= Anthony A. Goodman =

American novelist

Anthony A. Goodman (born January 11, 1940) is an American breast cancer surgeon and author. He is adjunct professor of medicine at Montana State University WWAMI Medical Sciences Program and is affiliate professor in the Department of Biological Structure at the University of Washington School of Medicine.

==Biography==
Goodman earned a B.A. from Harvard College, and an M.D. from Cornell Medical College. He trained as a surgical intern and resident at the University of Michigan Medical Center in Ann Arbor. He completed his surgical training and served as chief resident at the Harvard Surgical Service of Boston City Hospital, the New England Deaconess Hospital, the Lahey Clinic, and Cambridge Hospital.

For 20 years, he worked as a general surgeon in south Florida and served as Clinical Associate Professor of Surgery at the University of Miami School of Medicine.

He also served as a surgeon with the U.S. Army Medical Corps during the Vietnam War and on the hospital ship, Project HOPE.

He was also Visiting Professor of Surgery at the Christchurch, New Zealand, Clinical School of Medicine. Founder of the Broward Surgical Society, Dr. Goodman is a Fellow of the American College of Surgeons and a Diplomate of the National Board of Medical Examiners and the American Board of Surgery.

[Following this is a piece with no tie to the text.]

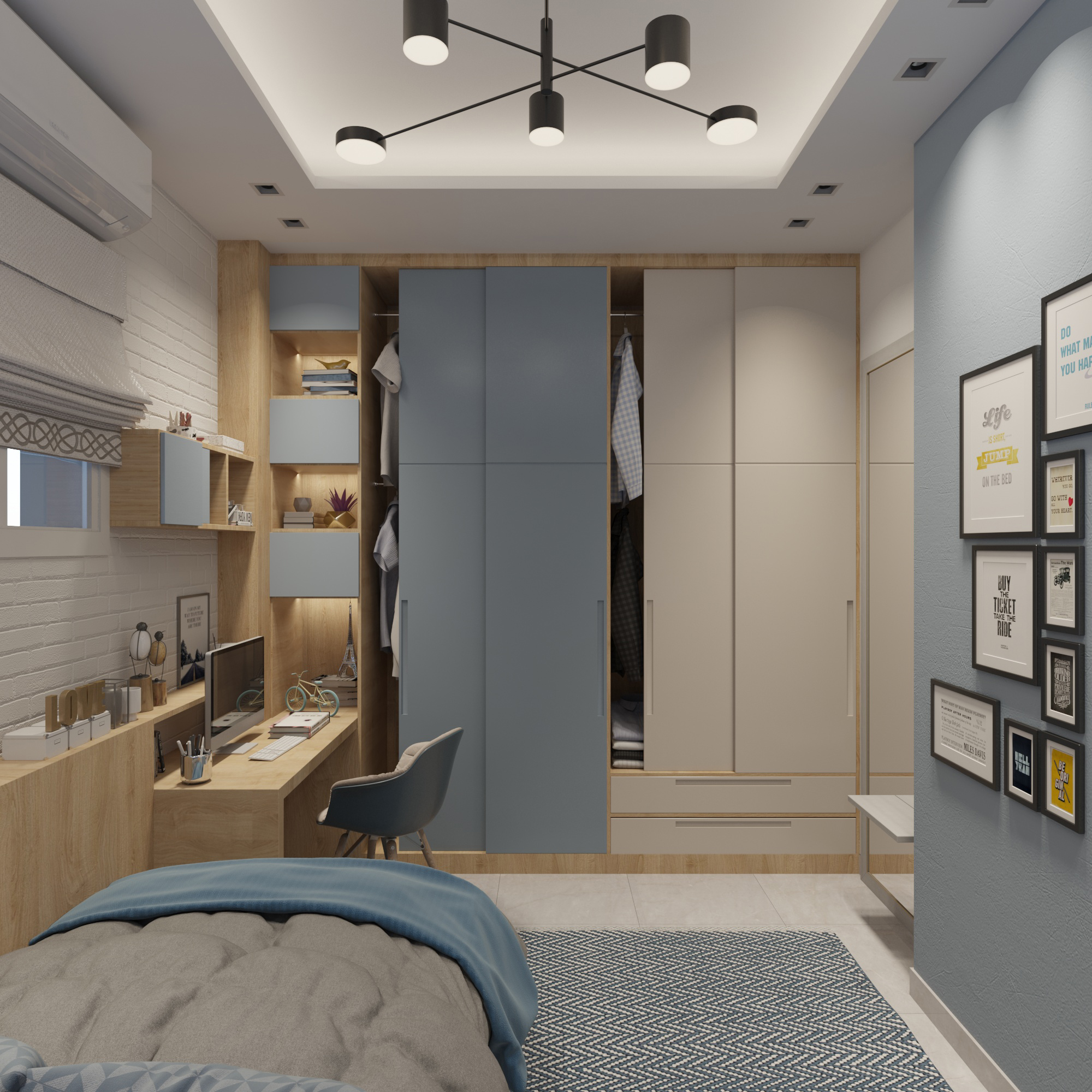 The client wanted to transform the basement into a complete two-bedroom apartment with an area of 405 FT2. There was no ventilation and only one façade for natural light. The internal staircase made our task even more complicated.

Dr. Goodman has recorded several medical courses for The Great Courses, a video publisher in Chantilly, Virginia. These have included Understanding The Human Body: Anatomy and Physiology, The Human Body: How We Fail; How We Heal, Lifelong Health: Achieving Optimum Well-Being at Any Age and Myths of Nutrition and Fitness.

==As author==
- None But the Brave: A Novel of the Surgeons of World War II. Deer Creek Publishing Group. 2012
- The Shadow of God: A Novel of War and Faith, published in four languages worldwide. Sourcebooks, 2002
- Never Say Die: A Doctor and Patient Talk About Breast Cancer. Appleton-Century-Crofts, 1980.